“Sonnet” di Mitchell Anderson è la personale dell’artista nato in America, e di stanza a Zurigo, Svizzera, presso la galleria Bernheim a Londra (fino al 17 aprile 2025).
Sonnet è la seconda mostra personale di Mitchell Anderson a Londra. Il titolo suggerisce costruzioni poetiche e affermazioni che riflettono il nostro mondo. Per secoli, i sonetti sono stati associati al desiderio, inizialmente esplorando l’amore non corrisposto ma espandendosi verso l’educazione civica, la politica e il mondo vissuto, con la sua natura paradossale e le sue ambiguità, qualcosa in cui Anderson ha un interesse centrale.

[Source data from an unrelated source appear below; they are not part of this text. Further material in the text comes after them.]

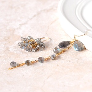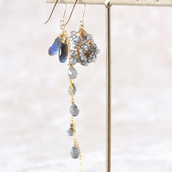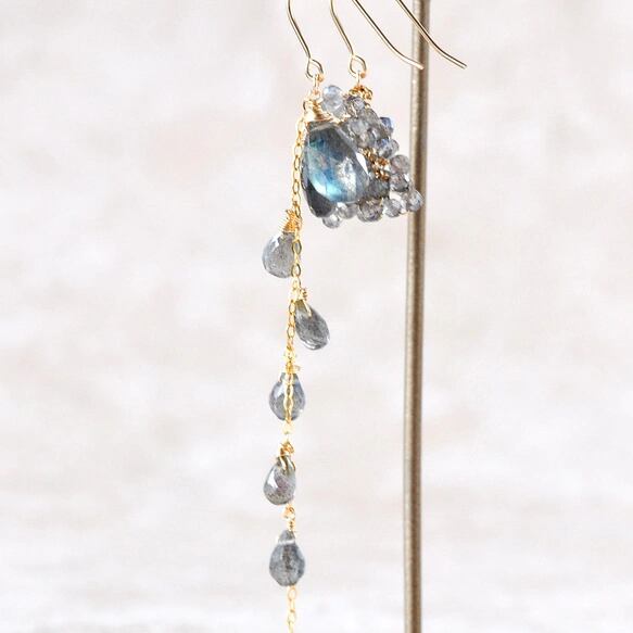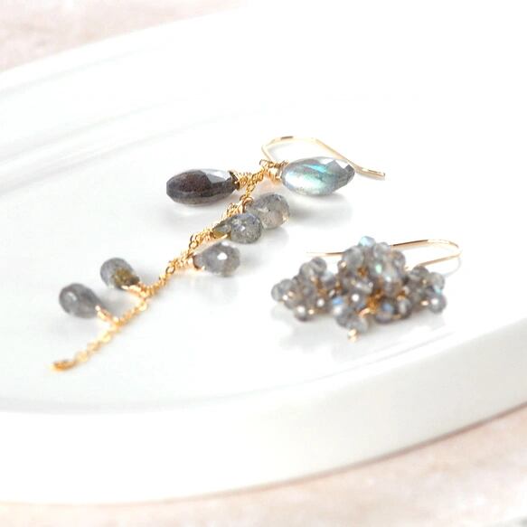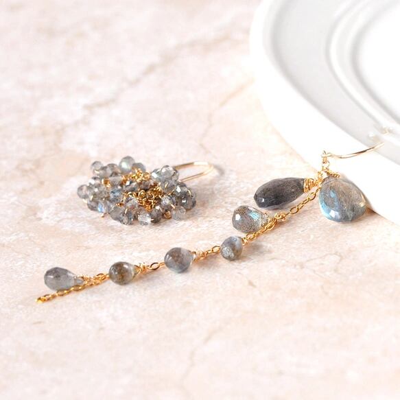 「[月光の青い光」― ラブラドライト アシンメトリーピアス ―14kgf
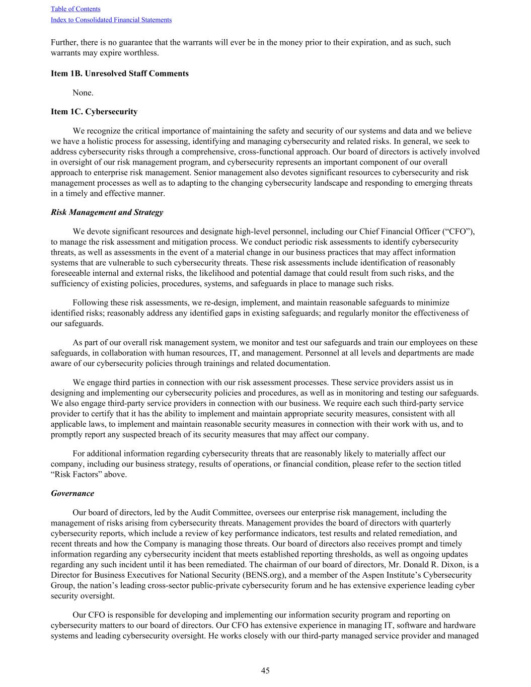 Further, there is no guarantee that the warrants will ever be in the money prior to their expiration, and as such, such warrants may expire worthless. Item 1B. Unresolved Staff Comments None. Item 1C. Cybersecurity We recognize the critical importance of maintaining the safety and security of our systems and data and we believe we have a holistic process for assessing, identifying and managing cybersecurity and related risks. In general, we seek to address cybersecurity risks through a comprehensive, cross-functional approach. Our board of directors is actively involved in oversight of our risk management program, and cybersecurity represents an important component of our overall approach to enterprise risk management. Senior management also devotes significant resources to cybersecurity and risk management processes as well as to adapting to the changing cybersecurity landscape and responding to emerging threats in a timely and effective manner. Risk Management and Strategy We devote significant resources and designate high-level personnel, including our Chief Financial Officer (“CFO”), to manage the risk assessment and mitigation process. We conduct periodic risk assessments to identify cybersecurity threats, as well as assessments in the event of a material change in our business practices that may affect information systems that are vulnerable to such cybersecurity threats. These risk assessments include identification of reasonably foreseeable internal and external risks, the likelihood and potential damage that could result from such risks, and the sufficiency of existing policies, procedures, systems, and safeguards in place to manage such risks. Following these risk assessments, we re-design, implement, and maintain reasonable safeguards to minimize identified risks; reasonably address any identified gaps in existing safeguards; and regularly monitor the effectiveness of our safeguards. As part of our overall risk management system, we monitor and test our safeguards and train our employees on these safeguards, in collaboration with human resources, IT, and management. Personnel at all levels and departments are made aware of our cybersecurity policies through trainings and related documentation. We engage third parties in connection with our risk assessment processes. These service providers assist us in designing and implementing our cybersecurity policies and procedures, as well as in monitoring and testing our safeguards. We also engage third-party service providers in connection with our business. We require each such third-party service provider to certify that it has the ability to implement and maintain appropriate security measures, consistent with all applicable laws, to implement and maintain reasonable security measures in connection with their work with us, and to promptly report any suspected breach of its security measures that may affect our company. For additional information regarding cybersecurity threats that are reasonably likely to materially affect our company, including our business strategy, results of operations, or financial condition, please refer to the section titled “Risk Factors” above. Governance Our board of directors, led by the Audit Committee, oversees our enterprise risk management, including the management of risks arising from cybersecurity threats. Management provides the board of directors with quarterly cybersecurity reports, which include a review of key performance indicators, test results and related remediation, and recent threats and how the Company is managing those threats. Our board of directors also receives prompt and timely information regarding any cybersecurity incident that meets established reporting thresholds, as well as ongoing updates regarding any such incident until it has been remediated. The chairman of our board of directors, Mr. Donald R. Dixon, is a Director for Business Executives for National Security (BENS.org), and a member of the Aspen Institute’s Cybersecurity Group, the nation’s leading cross-sector public-private cybersecurity forum and he has extensive experience leading cyber security oversight. Our CFO is responsible for developing and implementing our information security program and reporting on cybersecurity matters to our board of directors. Our CFO has extensive experience in managing IT, software and hardware systems and leading cybersecurity oversight. He works closely with our third-party managed service provider and managed Table of Contents Index to Consolidated Financial Statements 45
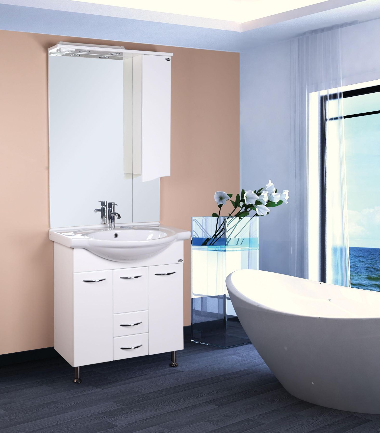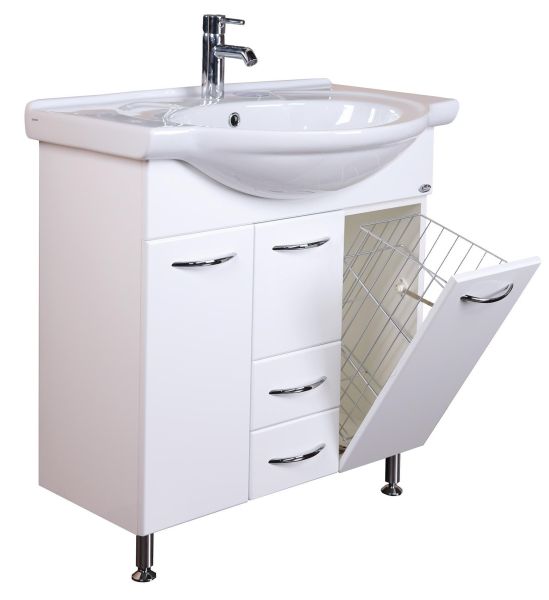 Внутреннее пространство тумбы позволяет компактно разместить бытовые принадлежности: большой отсек за распашной дверцей слева, откидная дверца с бельевой корзиной справа, два выдвижных ящика посередине. Маленькая откидная дверца по центру тумбы обеспечивает доступ к коммуникациям.
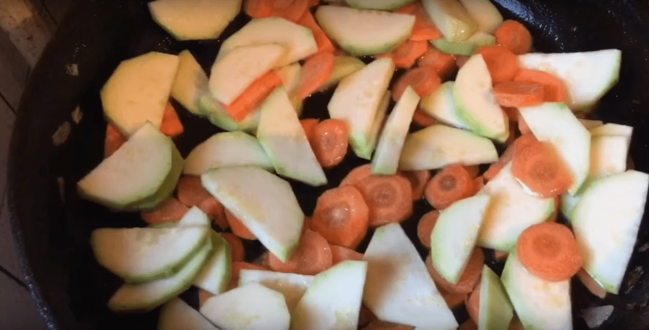 В это время можно успеть слегка прожарить морковь и кабачок.
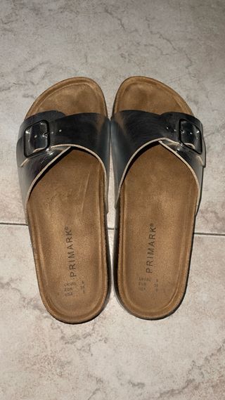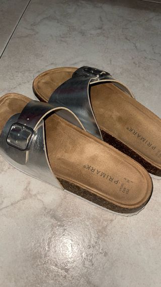 Sandalias de estilo plataforma con un acabado plateado brillante. Son cómodas y versátiles. - Diseño de tira ancha con hebilla ajustable. - Suela de corcho y goma. - Detalle de logo en la plantilla.
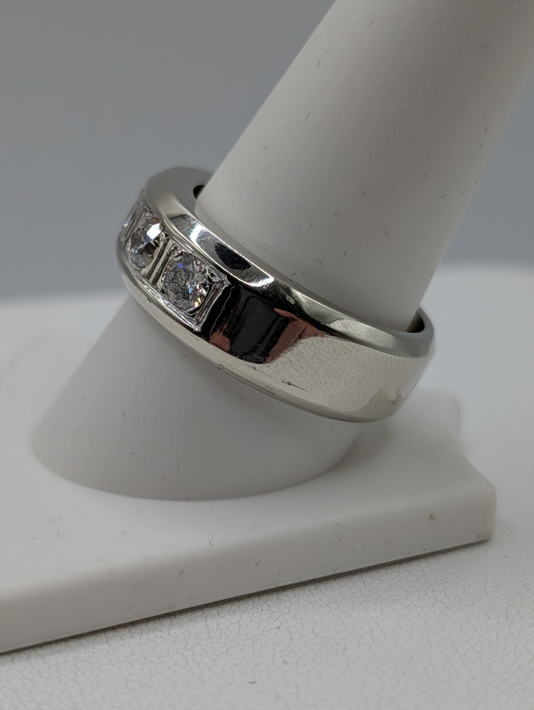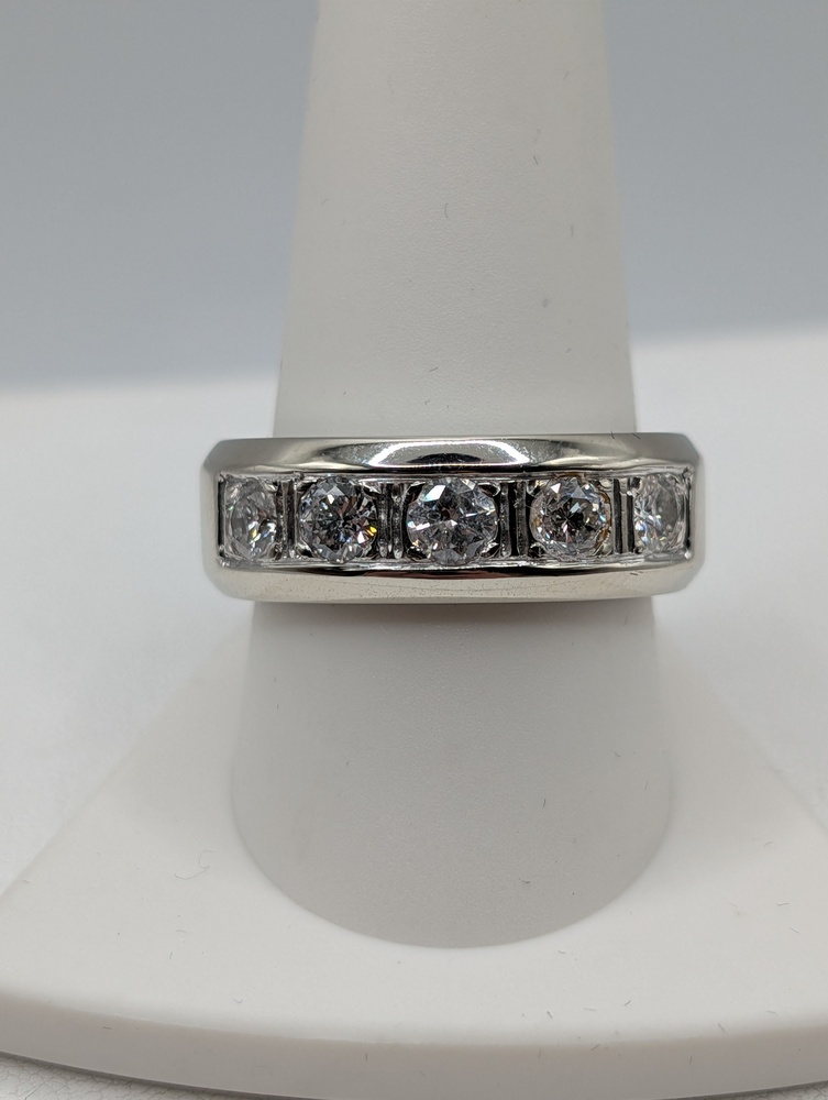 Size 10.5 14kt White Gold ~1 Total Carat Weight G Color; SI2 Clarity Round Brilliant Cut 5-Diamond Band Ring - 15.30 Grams
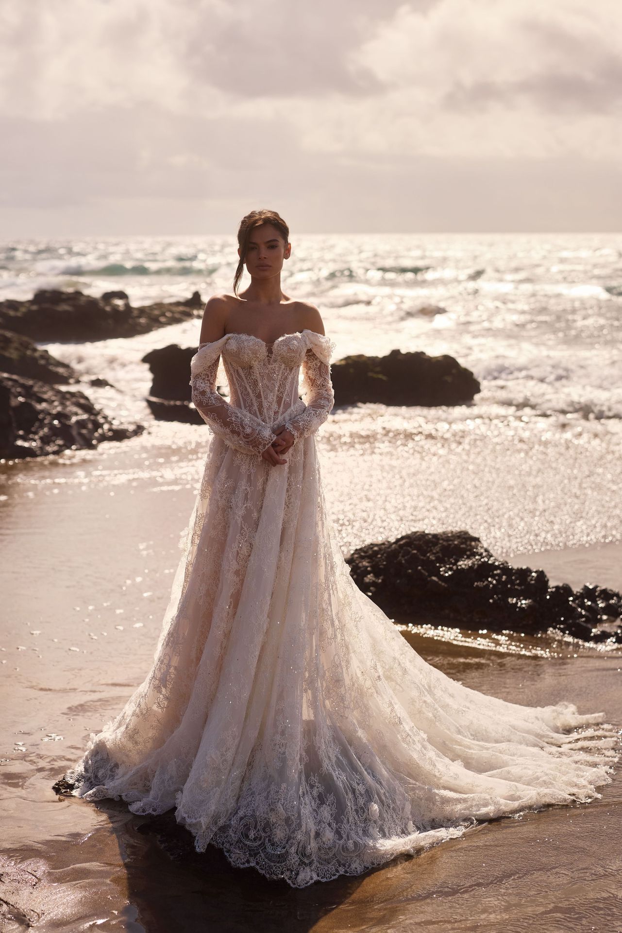 O resultado é notável: a silhueta parece mais esguia, a postura ganha imponência e o vestido assume um ar nobre. É um recurso clássico reinterpretado de maneira contemporânea, perfeito para a noiva que quer uma presença marcante e sem excessos.
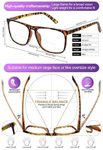 OCCI CHIARI Bifocale Blu Luce Bloccante Occhiali da Lettura per gli Uomini Occhiali Da Sole Oversize Lettori Occhiali Da Sole Primavera Cerniera 1 1.5 2 2.5 3 3.5, Tartaruga gialla(bifocale), XL
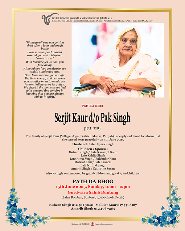 The family of Serjit Kaur (Village: Joga; District: Mansa, Punjab) is deeply saddened to inform that she passed away peacefully on 4th June 2025
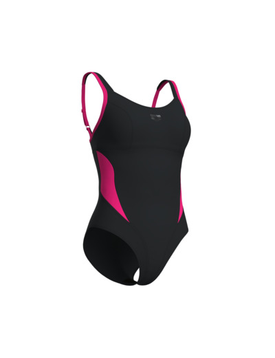 Ce modèle haut de gamme intègre la technologie Power Mesh pour lisser la taille et une double couche de tissu qui assure un maintien aérodynamique. Fabriqué en Sensitive® Fabrics, il résiste au chlore, sèche rapidement, protège des UV et utilise du polyamide recyclé, alliant performance et respect de l’environnement. Le soutien-gorge intégré avec bande élastique et bretelles ajustables garantit un maintien sûr et un confort durable.
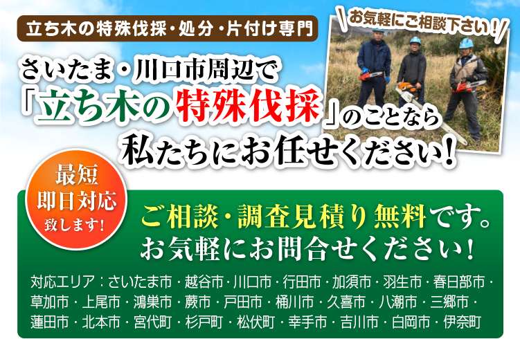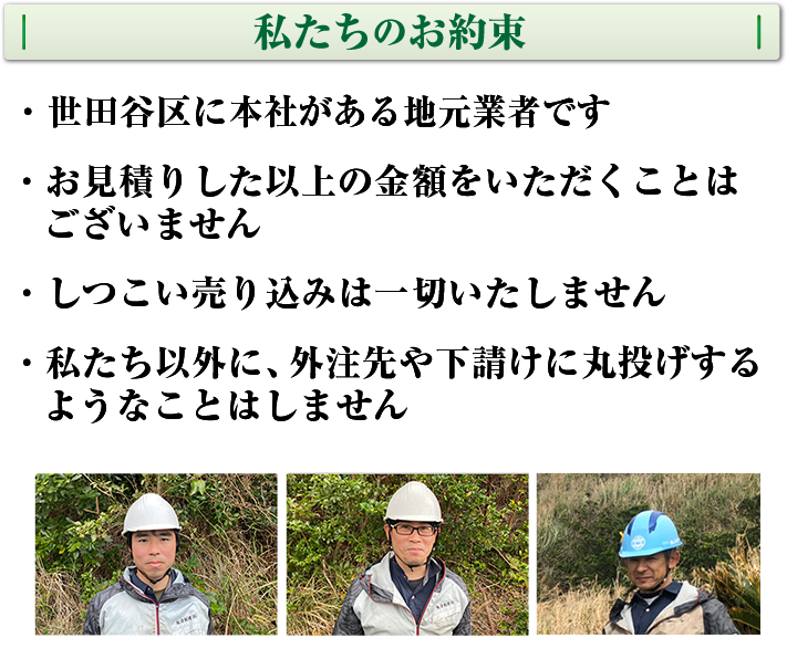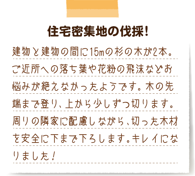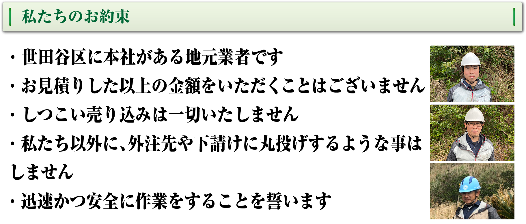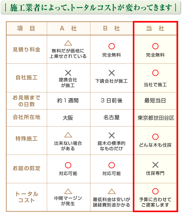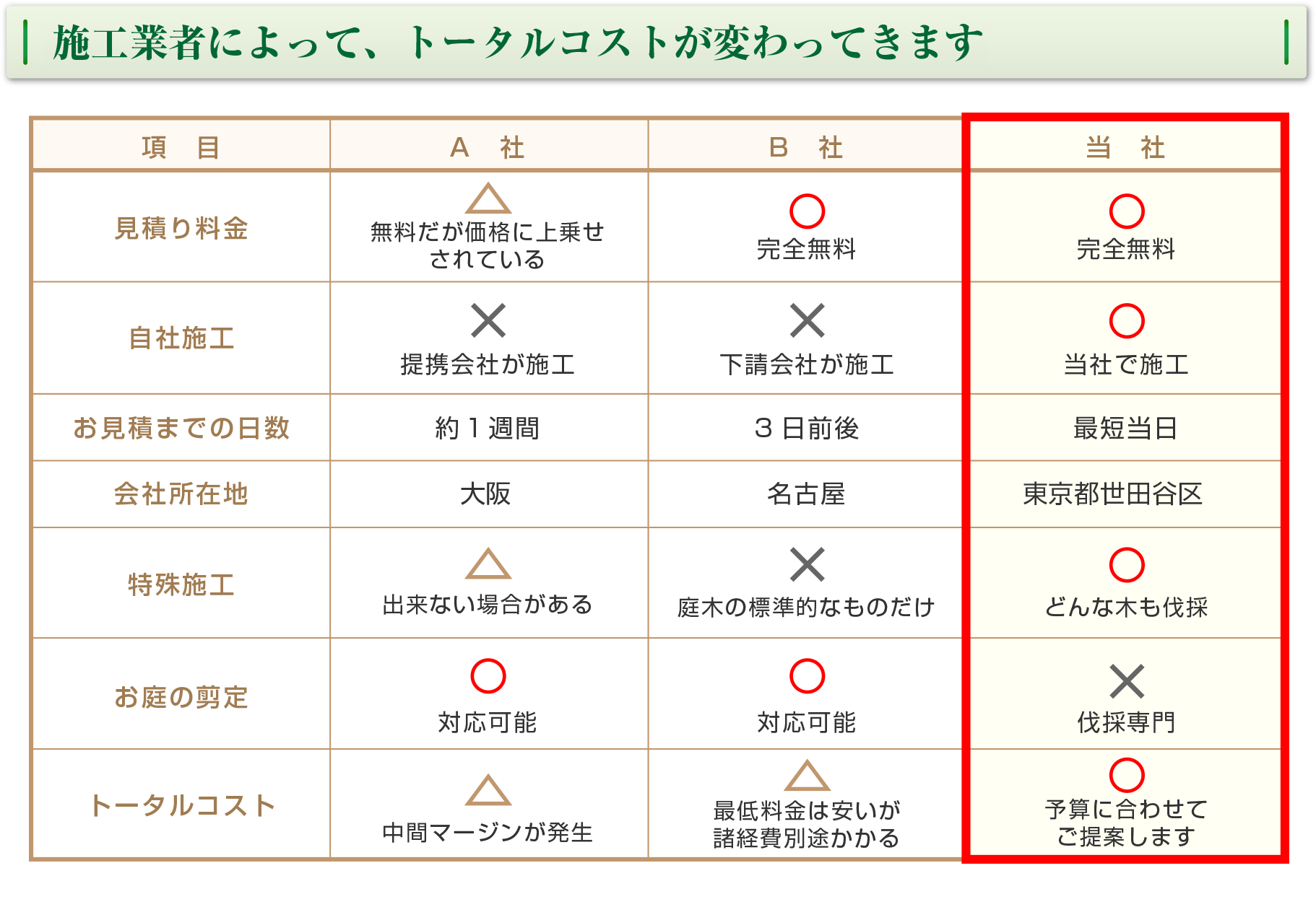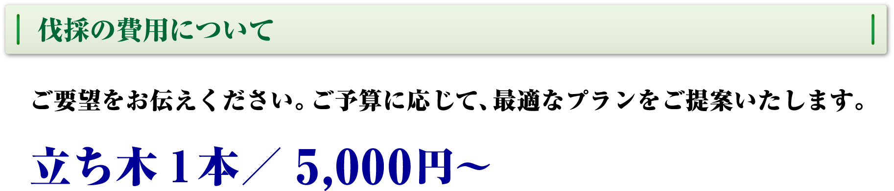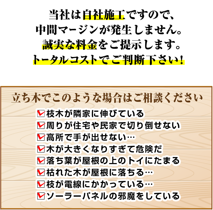 弊社では、お客様のご要望をお聞きしご提案しています。ご予算にあわせて、最低限どこを伐採すれば良いかお話し、誠実な料金をご提示させていただいています。

La struttura di un sonetto è una restrizione artistica autoimposta, una poesia di quattordici versi con schemi di rima e sillabe stabiliti. Questo quadro restrittivo prescritto è parallelo alla pratica di Anderson e al suo impegno scelto per l’esistente, appropriato e trovato.
Qui, ciò è mostrato da una caratteristica ampia gamma di mezzi e media, che spaziano dalla pittura al readymade, sempre con una base concettuale coerente. Riempiendo lo storico edificio di Mayfair, l’artista ha concettualizzato l’installazione in più stanze e piani con idee e immagini che riecheggiano, rimano e allitterano tra loro. La mostra si articola attorno a 3 cicli di opere principali. Il piano terra presenta un raggruppamento di sculture readymade la cui esposizione indica una progressione dalla nascita alla morte attraverso oggetti che astraggono e incorporano un’assurdità brutale. Le sculture sgonfie che si trovano su altri piani partecipano in modo simile come specchi e non come metafore, oggetti la cui natura satura trasmette declino e svuotamento. Una nuova serie di dipinti a encausto raffigura graficamente una recinzione a maglie spezzate, griglie ordinate di filo tenute insieme dalla tensione e ora intrecciate nel caos o nella libertà. Il loro titolo, Arlecchino, anticipa l’intenzione di Anderson di metterle in dialogo con una genealogia modernista che inizia con Picasso e attraversa Johns e Stingel, anche se lui scheggia quel modello di riferimento. I dipinti collegano figurazione e astrazione, leggibilità ed
equivoco, poiché le linee liriche raffigurate sembrano riconoscibili ma non impongono una narrazione decisa.
Con i loro campi di nero riflettente che rivelano una profondità di azione e colore all’interno di presunti
vuoti, ricordano l’ampiezza dell’astrazione maschile americana di metà secolo, poiché
Anderson si concentra sul potere dell’esposizione, del modello e della ripetizione e sul suo smantellamento.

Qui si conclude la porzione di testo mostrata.